Goal of the exercise ->
When you come to a picture, pass over it, and set down the entries below exactly.

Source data
***

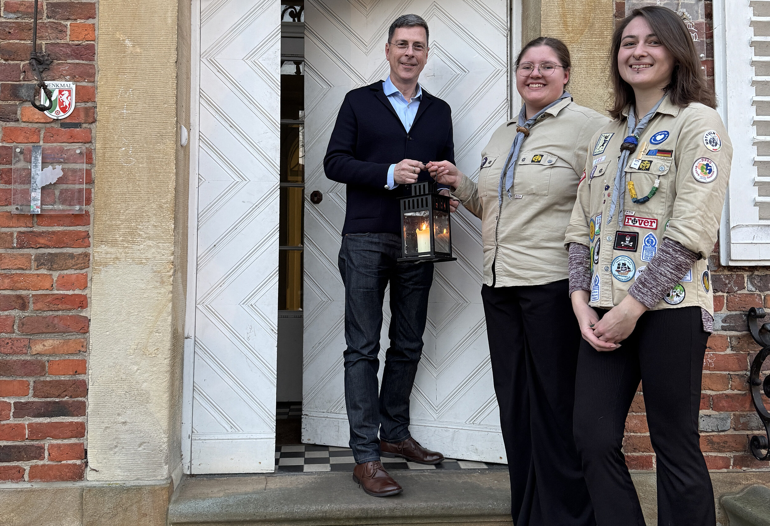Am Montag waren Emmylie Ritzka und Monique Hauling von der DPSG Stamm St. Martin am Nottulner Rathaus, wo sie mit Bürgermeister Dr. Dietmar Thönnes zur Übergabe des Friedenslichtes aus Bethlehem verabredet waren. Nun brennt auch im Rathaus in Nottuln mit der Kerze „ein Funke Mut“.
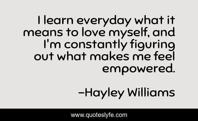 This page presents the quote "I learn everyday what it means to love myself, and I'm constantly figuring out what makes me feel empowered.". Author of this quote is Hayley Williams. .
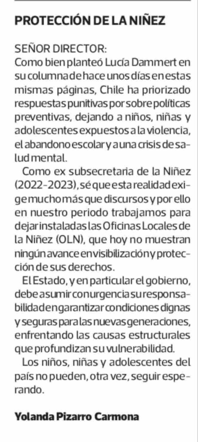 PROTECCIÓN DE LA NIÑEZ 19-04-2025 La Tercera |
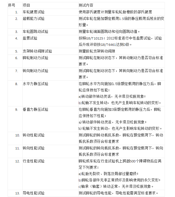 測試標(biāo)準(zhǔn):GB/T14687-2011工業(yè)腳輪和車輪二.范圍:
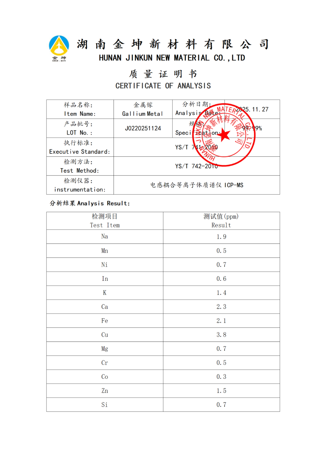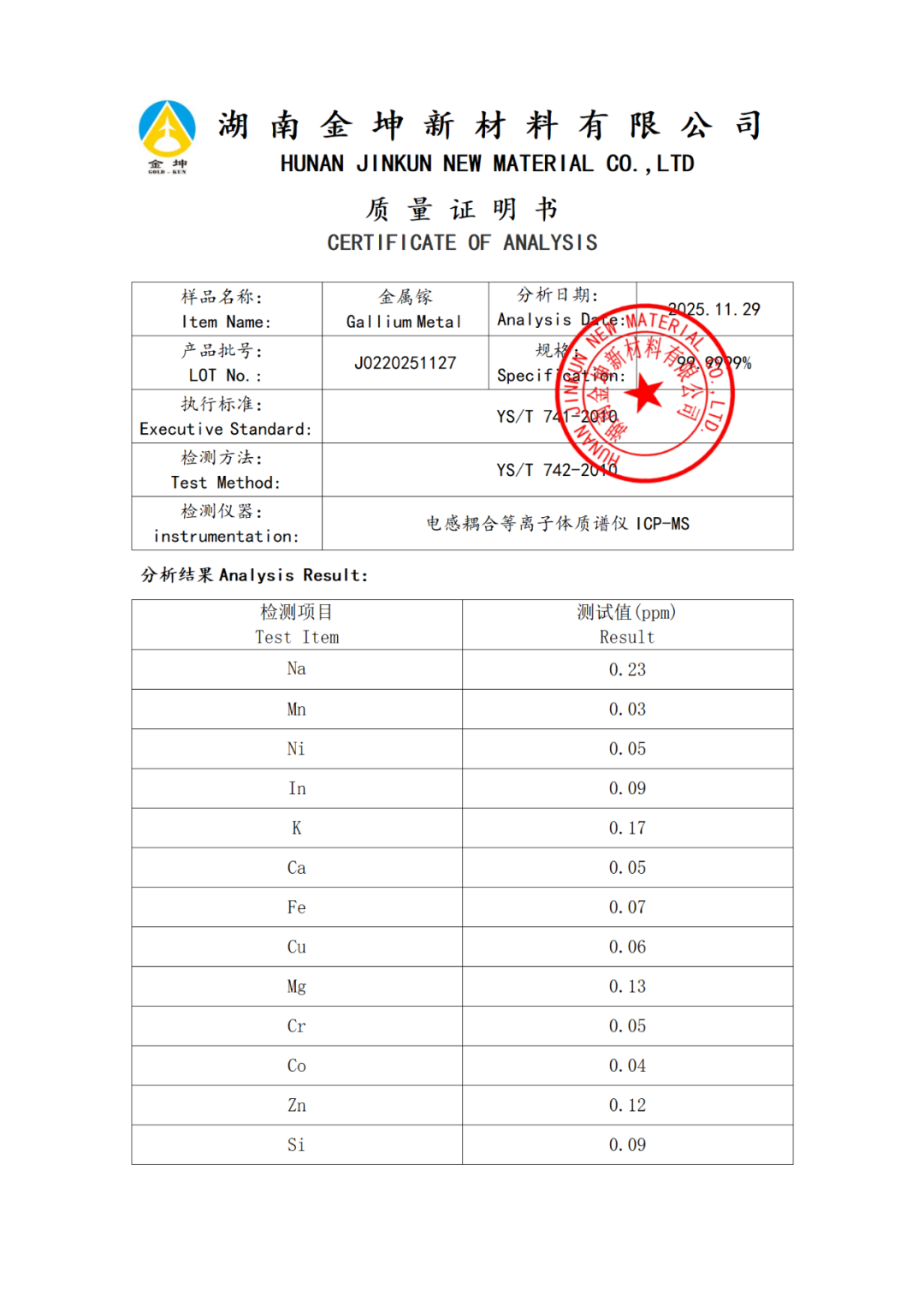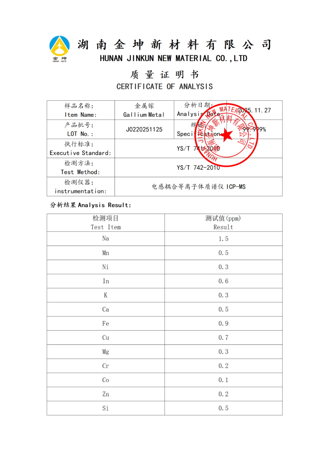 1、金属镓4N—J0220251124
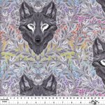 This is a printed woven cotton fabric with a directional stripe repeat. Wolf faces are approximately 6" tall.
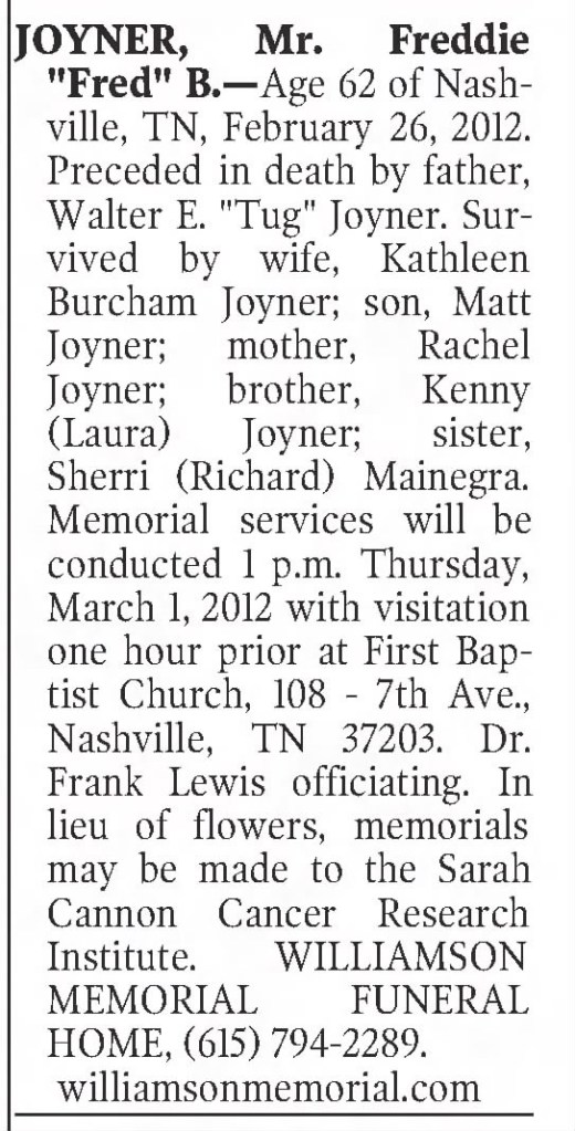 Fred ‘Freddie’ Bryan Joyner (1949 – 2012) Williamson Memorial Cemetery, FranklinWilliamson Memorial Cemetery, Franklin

***

Problem solution ->
Am Montag waren Emmylie Ritzka und Monique Hauling von der DPSG Stamm St. Martin am Nottulner Rathaus, wo sie mit Bürgermeister Dr. Dietmar Thönnes zur Übergabe des Friedenslichtes aus Bethlehem verabredet waren. Nun brennt auch im Rathaus in Nottuln mit der Kerze „ein Funke Mut“.
 This page presents the quote "I learn everyday what it means to love myself, and I'm constantly figuring out what makes me feel empowered.". Author of this quote is Hayley Williams. .
 PROTECCIÓN DE LA NIÑEZ 19-04-2025 La Tercera |
 測試標(biāo)準(zhǔn):GB/T14687-2011工業(yè)腳輪和車輪二.范圍:
 1、金属镓4N—J0220251124
 This is a printed woven cotton fabric with a directional stripe repeat. Wolf faces are approximately 6" tall.
 Fred ‘Freddie’ Bryan Joyner (1949 – 2012) Williamson Memorial Cemetery, FranklinWilliamson Memorial Cemetery, Franklin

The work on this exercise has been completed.